José de Jesús Márquez Ortiz - 'Missie B’s'

Missie B’s

 

Su niño interior hizo que Alfonso se quitara su tradicional sombrero jarocho de cuatro pedradas y agitara desesperadamente sus brazos como náufrago —el cuatro pedradas en una mano y un sensor del analizador de fotosíntesis en la otra— para llamar la atención de dos aviones caza segundos antes de que sobrevolaran las parcelas de alfalfa en las que se encontraba parado. Su roja camisa de manga larga resaltaba, única, en el mar de clorofila empaquetado en hojas trifoliadas.

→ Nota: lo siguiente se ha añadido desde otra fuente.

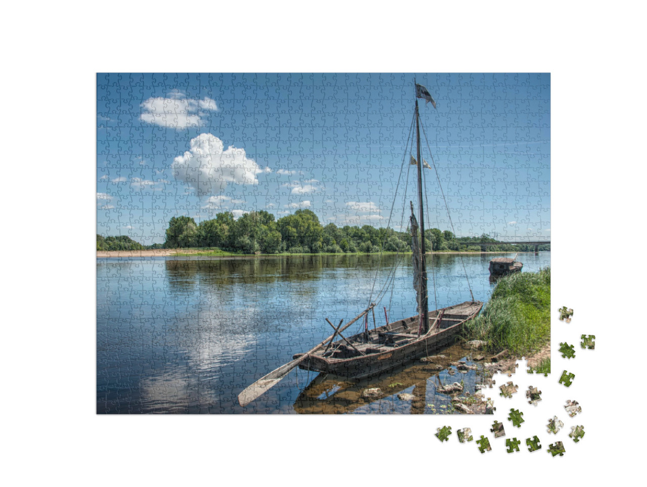 Puzzle „Kleines Fischerboot auf der Loire im Westen Frankreichs“

El sepulcral silencio del campo cubierto por la vastedad azul del cielo le había permitido captar, con el rabillo del ojo, ayudado por sus tímpanos, el sutil movimiento y creciente zumbido de las naves que se aproximaban, mientras se encontraba tomando datos para estimar la fotosíntesis del material genético de alfalfa que había desarrollado. En un santiamén, mientras agitaba los brazos, el rugido de los motores de los cazas lo apabulló.

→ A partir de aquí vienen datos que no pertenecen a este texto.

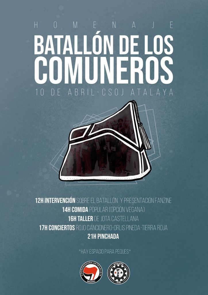Otro año más volvemos a conmemorar a las milicias antifascistas del Batallón los Comuneros, nacido en el Centro Abulense de Madrid hace ya 85 años y cuyo nombre proviene del levantamiento comunero que este año celebra su V centenario. Desde la Coordinadora Antifascista de Madrid organizamos estas jornadas adaptándonos a los tiempos que corren, cumpliendo con todas las medidas de seguridad que implica la gestión de la COVID19, pero sin permitir que esta crisis sanitaria nos frene a la hora de organizar este homenaje.

Tras haber pasado por encima de él, uno de los dos cazas, en la distancia, maniobró inesperadamente —sin desviar su trayectoria— realizando dos veces un ligero y rápido vaivén, un péndulo con prisa. No daba crédito a sus ojos. ¡Era una señal! ¡Al menos uno de los pilotos lo había reconocido, con un contoneo del trasero de su avión a manera de saludo!

Solo una vez en su vida Alfonso había visto el mismo contoneo en otro avión caza: en una película americana de guerra, de las que se quedaba a ver hasta la madrugada en México, años antes de llegar a Estados Unidos, en donde ahora se encontraba realizando su posgrado. La señal era un saludo que —Alfonso no lo dudó— había sido solo para él; ya que, esa mañana de sábado, él y su alma eran los únicos que se encontraban perdidos en ese pedazo de la inmensa mesa de billar que era la planicie occidental de Kansas, el monótono preámbulo a la majestuosidad —al oeste— de las montañas Rocallosas en el vecino estado de Colorado.

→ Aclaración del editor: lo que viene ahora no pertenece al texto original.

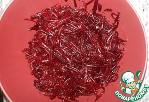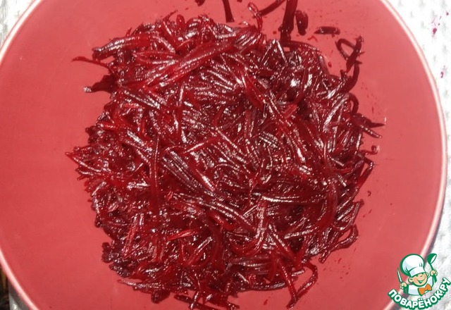 Свеклу варим, чистим, натираем длинно на тёрке для моркови по-корейски.

El imprevisto y feliz intercambio con los cazas le dio ánimos para continuar con la toma de datos del follaje para su investigación, que le ayudaría a completar los requisitos para obtener su maestría en la Universidad Estatal de Kansas, con sede en la pequeña ciudad de Manhattan, Kansas.

—No, no es Manhattan, Nueva York. —debía explicar a todos sus amigos y parientes que querían visitarlo para ir a pasear a “La gran manzana”—. De hecho —agregaba—, a Manhattan le dicen “La pequeña manzana”.

Sus parcelas experimentales se encontraban inmersas en un enorme sembradío de alfalfa de un agricultor que colaboraba con la universidad, no muy lejos de un pueblito de granjeros llamado Little Paw, Pata chica, probablemente en honor a algún indígena de la región, sin duda asesinado por los colonialistas europeos años atrás. Justo a las espaldas del joven estudiante se encontraba un pequeño cementerio de rancho, que colindaba a campo abierto con el alfalfar en el que estaba trabajando.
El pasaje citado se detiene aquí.